Almeno una persona ricorda Alessandro, che rimase fuori dalle porte della città mentre il suo compagno moriva lentamente. Posizionato lontano dal resto del gruppo, appoggiato all’automobile. È probabile che stesse prendendo in considerazione strategie per perdere peso. Dopo qualche tentennamento, e’ avvenuto questa sera alla presenza del presidente del Consiglio Alberto Rossi in Procura.

Qualcuno che all’epoca non conosceva bene e che proveniva da un’altra provincia. La polizia sta esaminando le dichiarazioni rilasciate da diversi giovani che affermano di aver visto Yannick fuggire dal nightclub perché qualcosa è andato storto, oltre a cercare di rintracciare il fornitore dell’ecstasy. Fermare l’ira di Gramendola avrebbe richiesto di impedire l’apertura del locale.

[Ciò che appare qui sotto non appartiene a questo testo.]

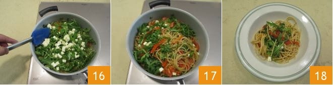 Mischt die Zutaten gut 16, um sie gleichmäßig zu verteilen 17, und serviert dann eure Vollkornspaghetti mit roten Paprika, Rucola und Feta 18!

Una donna di 32 anni è stata picchiata a morte fuori da una discoteca a Cortefranca, in provincia di Brescia, e un uomo è stato arrestato perché sospettato di essere l’autore. Un giovane di Bergamo, Italia, che ha 21 anni e ha precedenti per furto, è stato preso in custodia. Affrontato dagli uomini della Squadra Mobile del Commissariato di Brescia, il giovane avrebbe probabilmente tentato la fuga.

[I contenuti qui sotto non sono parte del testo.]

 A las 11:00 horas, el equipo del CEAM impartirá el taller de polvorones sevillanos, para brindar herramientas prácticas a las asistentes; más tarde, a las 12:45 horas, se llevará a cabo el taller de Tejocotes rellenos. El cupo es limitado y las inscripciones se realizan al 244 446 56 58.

È stato trasportato alla Questura di Bergamo per accertamenti. L’intento di uccidere qualcuno è stato accusatolui. Il 32° ferito, un bergamasco, è stato portato all’ospedale locale dopo essere stato scoperto in gravi condizioni all’Ospedale Civile di Brescia. La Stradale di Iseo riferisce che almeno sedici giovani si sono trovati vicino alle due auto coinvolte dopo essere stati chiamati sul posto dall’impatto.

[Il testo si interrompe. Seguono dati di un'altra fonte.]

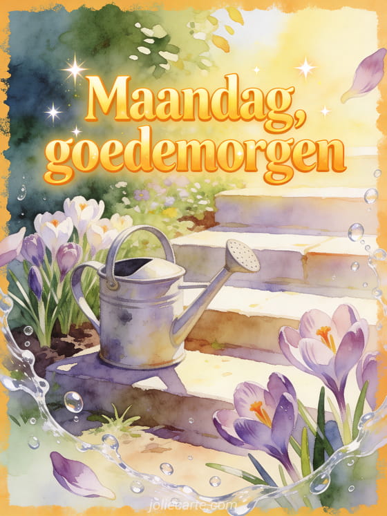 Deel een vrolijke maandagochtendboodschap met een kleine gieter, bloeiende krokussen en glinsterende waterdruppels op een heldere tuintrede. Stuur ook een fijne week fijne maandag gif, een goedemorgen maandag goedemorgen afbeelding of een fijne maandag geanimeerde afbeelding.

Un bergamasco, uno dei due corridori, è rimasto gravemente ferito perché al 21enne non è stato permesso di proseguire. Diversi altri giovani, oltre al 32enne, sono stati incarcerati. Tutti gli autori sono giovani, quindi questa è un’opera di narrativa per giovani adulti. Bisogner deve attendere l’esito degli accertamenti tossicologici prima di poter individuare quale sostanza chimica abbia causato la morte dell’adolescente di Collebeato.

Dopo un incidente d’auto, le tensioni salgono rapidamente a un punto di ebollizione. Sulla base di queste informazioni, intraprenderemo uno screening per vedere se sono state avviate azioni penali contro chiunque sia sospettato di essere coinvolto nello scandalo. Intanto gli investigatori hanno lanciato un nuovo monito: “Prestare particolare attenzione a eventuali pastiglie verdi o bianche che riportano il simbolo Tlc”.